L’interview, donnée par le pape François dans plusieurs revues jésuites, a suscité un grand enthousiasme dans les médias et en même temps de nombreuses interrogations. Pour les lecteurs de Zenit, Mgr Tony Anatrella (photo ci-contre) met en perspective le discours du Saint-Père après avoir donné la semaine dernière quelques repères pour comprendre les propos de Mgr Parolin sur le célibat (cf. zenit du 16 septembre 2013).
Mgr Tony Anatrella est psychanalyste et spécialiste en psychiatrie sociale, consulteur des Conseils pontificaux pour la famille et pour la santé, membre de la Commission internationale d’enquête sur Medjugorje de la Congrégation pour la doctrine de la foi, il enseigne et consulte également à Paris.
Zenit : Quelles ont été vos premières réactions à l’interview du pape François ?
Mgr Tony Anatrella : Je ferai trois remarques.

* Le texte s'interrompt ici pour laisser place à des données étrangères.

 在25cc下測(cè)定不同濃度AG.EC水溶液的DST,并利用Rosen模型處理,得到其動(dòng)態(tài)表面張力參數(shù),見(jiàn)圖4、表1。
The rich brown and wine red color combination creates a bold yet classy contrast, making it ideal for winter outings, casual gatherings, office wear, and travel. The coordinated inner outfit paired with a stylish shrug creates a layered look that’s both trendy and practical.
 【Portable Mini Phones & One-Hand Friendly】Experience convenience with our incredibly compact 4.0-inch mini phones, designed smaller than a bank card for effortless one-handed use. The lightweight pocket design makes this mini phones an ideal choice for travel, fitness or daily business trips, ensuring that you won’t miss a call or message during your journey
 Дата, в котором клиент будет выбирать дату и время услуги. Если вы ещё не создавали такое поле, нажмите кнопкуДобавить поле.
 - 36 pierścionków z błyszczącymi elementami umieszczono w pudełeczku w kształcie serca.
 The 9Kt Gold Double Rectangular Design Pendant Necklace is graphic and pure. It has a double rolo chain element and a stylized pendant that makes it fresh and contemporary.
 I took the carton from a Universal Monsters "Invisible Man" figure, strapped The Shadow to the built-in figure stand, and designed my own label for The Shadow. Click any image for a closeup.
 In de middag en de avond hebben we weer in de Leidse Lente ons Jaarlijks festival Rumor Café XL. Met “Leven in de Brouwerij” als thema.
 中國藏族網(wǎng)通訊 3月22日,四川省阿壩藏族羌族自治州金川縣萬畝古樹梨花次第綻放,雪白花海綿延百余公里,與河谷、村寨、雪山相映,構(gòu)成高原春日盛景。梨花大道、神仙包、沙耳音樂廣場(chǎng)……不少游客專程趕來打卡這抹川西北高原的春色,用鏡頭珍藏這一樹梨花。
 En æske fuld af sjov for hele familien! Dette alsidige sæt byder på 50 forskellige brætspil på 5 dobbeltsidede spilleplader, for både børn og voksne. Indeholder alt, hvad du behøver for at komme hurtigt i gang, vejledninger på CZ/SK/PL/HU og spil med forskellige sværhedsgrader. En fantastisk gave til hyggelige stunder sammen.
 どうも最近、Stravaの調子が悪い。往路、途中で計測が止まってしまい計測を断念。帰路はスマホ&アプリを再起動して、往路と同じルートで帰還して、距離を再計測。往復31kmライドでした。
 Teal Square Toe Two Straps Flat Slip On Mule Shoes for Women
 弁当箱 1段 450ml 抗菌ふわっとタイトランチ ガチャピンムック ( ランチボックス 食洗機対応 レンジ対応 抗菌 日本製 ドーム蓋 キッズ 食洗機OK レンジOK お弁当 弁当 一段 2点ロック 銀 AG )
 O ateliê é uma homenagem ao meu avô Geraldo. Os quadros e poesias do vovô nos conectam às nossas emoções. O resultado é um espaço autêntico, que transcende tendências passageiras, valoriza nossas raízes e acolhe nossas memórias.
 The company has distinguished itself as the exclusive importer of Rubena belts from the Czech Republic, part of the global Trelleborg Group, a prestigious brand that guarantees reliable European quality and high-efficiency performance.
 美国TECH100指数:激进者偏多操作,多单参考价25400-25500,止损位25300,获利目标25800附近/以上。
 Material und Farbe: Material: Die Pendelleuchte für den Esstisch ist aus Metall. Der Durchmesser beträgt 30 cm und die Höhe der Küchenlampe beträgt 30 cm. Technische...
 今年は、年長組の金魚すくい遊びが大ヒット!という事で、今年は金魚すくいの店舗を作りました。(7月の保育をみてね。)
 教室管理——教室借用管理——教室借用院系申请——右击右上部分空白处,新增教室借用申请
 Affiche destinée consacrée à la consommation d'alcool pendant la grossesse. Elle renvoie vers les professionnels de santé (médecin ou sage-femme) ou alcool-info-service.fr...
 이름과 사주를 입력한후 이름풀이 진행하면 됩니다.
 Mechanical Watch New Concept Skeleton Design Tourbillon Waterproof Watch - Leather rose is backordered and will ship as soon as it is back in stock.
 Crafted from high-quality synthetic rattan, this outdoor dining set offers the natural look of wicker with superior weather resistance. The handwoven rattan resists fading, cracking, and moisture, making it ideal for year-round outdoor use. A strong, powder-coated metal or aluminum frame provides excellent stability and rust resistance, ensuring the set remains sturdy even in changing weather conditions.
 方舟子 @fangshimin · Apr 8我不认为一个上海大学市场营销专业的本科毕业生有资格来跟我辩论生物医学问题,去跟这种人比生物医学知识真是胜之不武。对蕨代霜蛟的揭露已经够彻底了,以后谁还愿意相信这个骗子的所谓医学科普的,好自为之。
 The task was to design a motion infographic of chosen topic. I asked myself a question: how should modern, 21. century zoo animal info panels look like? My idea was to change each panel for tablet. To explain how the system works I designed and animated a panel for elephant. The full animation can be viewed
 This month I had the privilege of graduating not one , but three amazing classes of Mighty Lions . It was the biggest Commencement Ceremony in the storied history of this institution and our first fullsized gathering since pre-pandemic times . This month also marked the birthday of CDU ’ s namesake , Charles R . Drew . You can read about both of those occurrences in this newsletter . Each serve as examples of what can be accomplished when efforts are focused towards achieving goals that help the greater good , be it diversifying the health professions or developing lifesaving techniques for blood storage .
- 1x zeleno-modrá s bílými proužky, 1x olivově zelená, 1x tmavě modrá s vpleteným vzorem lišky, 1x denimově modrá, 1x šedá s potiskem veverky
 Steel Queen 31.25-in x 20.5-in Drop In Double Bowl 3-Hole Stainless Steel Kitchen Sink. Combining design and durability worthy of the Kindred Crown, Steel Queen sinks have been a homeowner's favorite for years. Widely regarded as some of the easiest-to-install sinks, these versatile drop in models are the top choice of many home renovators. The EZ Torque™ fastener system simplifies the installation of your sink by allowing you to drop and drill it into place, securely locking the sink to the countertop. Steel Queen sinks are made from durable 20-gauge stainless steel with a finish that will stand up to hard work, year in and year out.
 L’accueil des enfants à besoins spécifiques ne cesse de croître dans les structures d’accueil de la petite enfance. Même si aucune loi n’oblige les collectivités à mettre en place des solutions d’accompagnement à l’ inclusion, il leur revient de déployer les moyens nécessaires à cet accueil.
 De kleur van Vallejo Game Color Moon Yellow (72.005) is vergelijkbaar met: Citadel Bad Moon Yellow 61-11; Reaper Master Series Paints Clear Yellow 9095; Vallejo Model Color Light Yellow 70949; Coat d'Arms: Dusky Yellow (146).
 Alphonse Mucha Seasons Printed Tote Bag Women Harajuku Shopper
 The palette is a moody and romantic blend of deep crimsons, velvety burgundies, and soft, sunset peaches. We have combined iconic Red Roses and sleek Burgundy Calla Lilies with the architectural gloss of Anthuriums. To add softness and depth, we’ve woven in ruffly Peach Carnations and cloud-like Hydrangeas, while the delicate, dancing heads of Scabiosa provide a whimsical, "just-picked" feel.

1. Quelle est la nature de ce texte ? Il s’agit d’une interview et non pas d’une encyclique et encore moins d’une Instruction adressée à toute l’Église. Le Pape s’exprime librement sur divers sujets en soulignant l’importance de la miséricorde. Il se livre aussi personnellement comme pour mieux se faire connaître.
2. Les commentaires qui s’en sont suivis dans la presse viennent obscurcir et fausser le sens de sa parole. Le texte de 30 pages qu’il faut lire, est d’une grande richesse et aborde divers sujets concernant son histoire personnelle, son ministère ainsi que les écrits des théologiens, des philosophes et des romanciers, voire d’artistes qui l’ont intellectuellement nourri. Les médias n’ont retenu que quelques fragments de paragraphes qui vont dans le sens de l’air du temps. Ils recomposent ensuite un autre récit en oubliant l’essentiel du message. N’est-ce pas une manœuvre pour valider et justifier des situations qui ne devraient plus être considérées comme des problèmes dans la société actuelle ? Une fois encore on assiste à une manipulation du discours qui frôle la désinformation. Les propos du Pape ont subi le même sort que ceux de Mgr Parolin alors qu’ils sont des signes de contradiction.
3. François insiste sur le fait qu’il est nécessaire de s’occuper des « blessés » et d’être attentif à leur besoin spirituel là où des médias ont fait croire que le Pape invitait à délaisser les « dogmes » pour s’intéresser aux personnes. En réalité, c’est une invitation à être proche de ceux qui veulent mieux connaître, aimer et suivre le Christ. François nous dit que l’esprit de magnanimité (être clément) part toujours de ce qui est petit plutôt que d’être contenu par le plus grand. « Ne pas être enfermé par le plus grand, mais être contenu par le plus petit, c’est cela qui est divin. J’ai beaucoup réfléchi sur cette phrase pour l’exercice du gouvernement en tant que supérieur : ne pas être limité par l’espace le plus grand, mais être en mesure de demeurer dans l’espace le plus limité. Cette vertu du grand et du petit, c’est ce que j’appelle la magnanimité À partir de l’espace où nous sommes, elle nous fait toujours regarder l’horizon. C’est faire les petites choses de tous les jours avec un cœur grand ouvert à Dieu et aux autres. C’est valoriser les petites choses à l’intérieur de grands horizons, ceux du Royaume de Dieu. »
Après divers bouleversements culturels qui ont entraîné des crises et des drames humains, voire des choix de vie en forme d’impasse sous le couvert de la libération des mœurs et du libéralisme économique, le Pape François en appelle à « la révolution de la grâce » et souligne que l’Église doit se faire chaleureuse et proche des blessés de la vie, et trouver des voies par lesquelles des hommes et des femmes ne se sentent pas abandonnés et puissent se reconnaître en Dieu.
Une fois de plus, des médias imaginent l’Église à l’image du monde alors que l’Église cherche à ressembler au Christ et à transmettre son message de vie puisqu’il est « la vie éternelle ».